● **Data section**:
↓↓↓

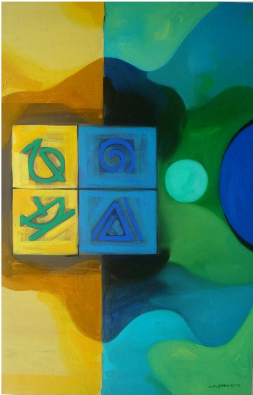
Prakriti, Oil & acrylic on Canvas, 32in X 50in, 2012
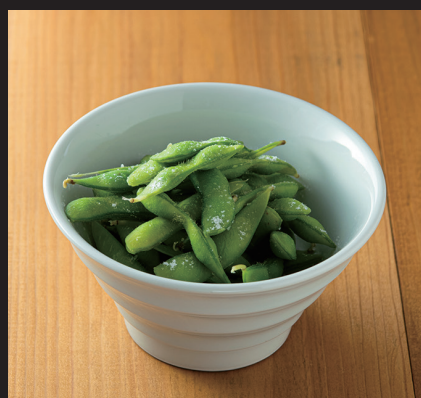
枝豆 ¥680 Edamame Boiled edamame.
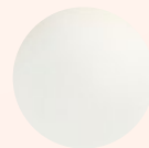
Grand Champion White
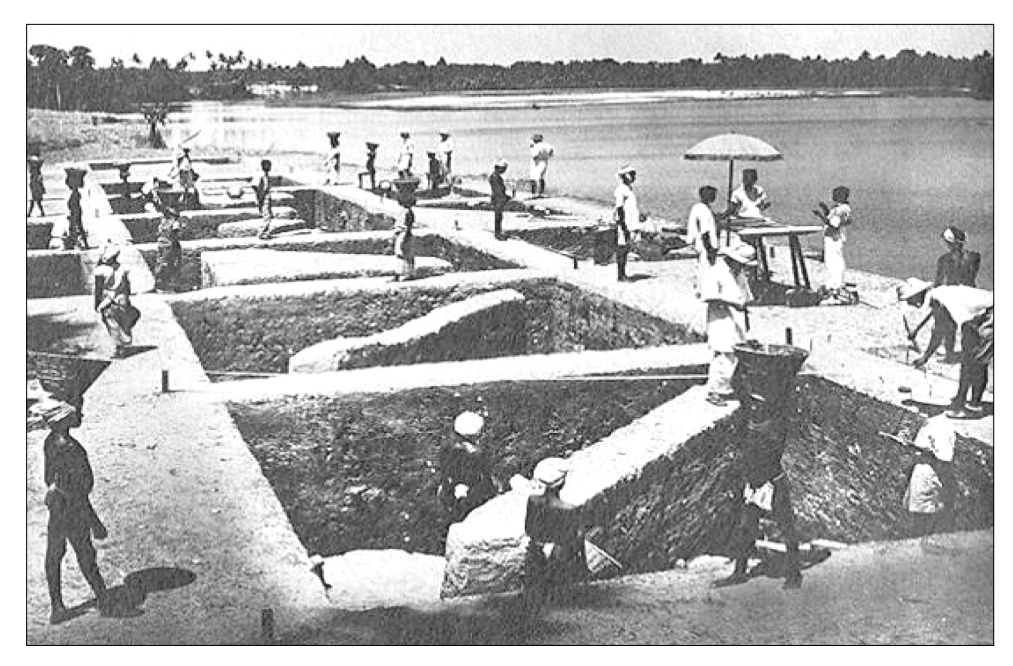
The development of the archaeological methodology in a colonialist context: the application of the Wheeler Method in Arikamedu (India). From: Daniel 1981.
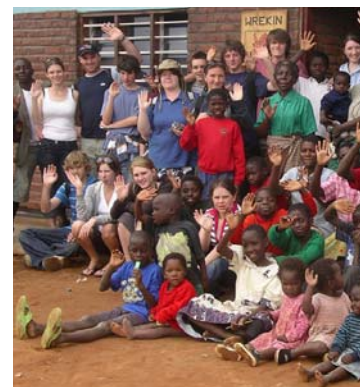
Students from Malawi and the UK developed educational resource materials on HIV and AIDS
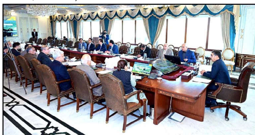
ISLAMABAD: Caretaker Prime Minister, Anwaar-ul-Haq Kakar chairs a meeting on the matters related to National Highway Authority (NHA), in Islamabad.
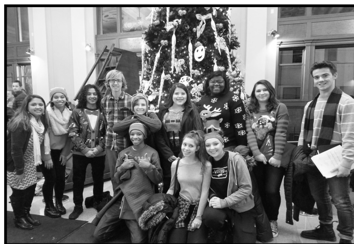
A Capella members posed after their performance in City Hall during Stroll on State.

Every year since they began, the #Harmonics have been featured at the Stroll on State festivities. They ring in the holiday season, performing songs such as "Have

↑↑↑

● **Exercise directions**: In your copy, include no pictures, but set down every record exactly.

● **Solved exercise**:
Prakriti, Oil & acrylic on Canvas, 32in X 50in, 2012
枝豆 ¥680 Edamame Boiled edamame.
Grand Champion White
The development of the archaeological methodology in a colonialist context: the application of the Wheeler Method in Arikamedu (India). From: Daniel 1981.
Students from Malawi and the UK developed educational resource materials on HIV and AIDS
ISLAMABAD: Caretaker Prime Minister, Anwaar-ul-Haq Kakar chairs a meeting on the matters related to National Highway Authority (NHA), in Islamabad.
A Capella members posed after their performance in City Hall during Stroll on State.

Every year since they began, the #Harmonics have been featured at the Stroll on State festivities. They ring in the holiday season, performing songs such as "Have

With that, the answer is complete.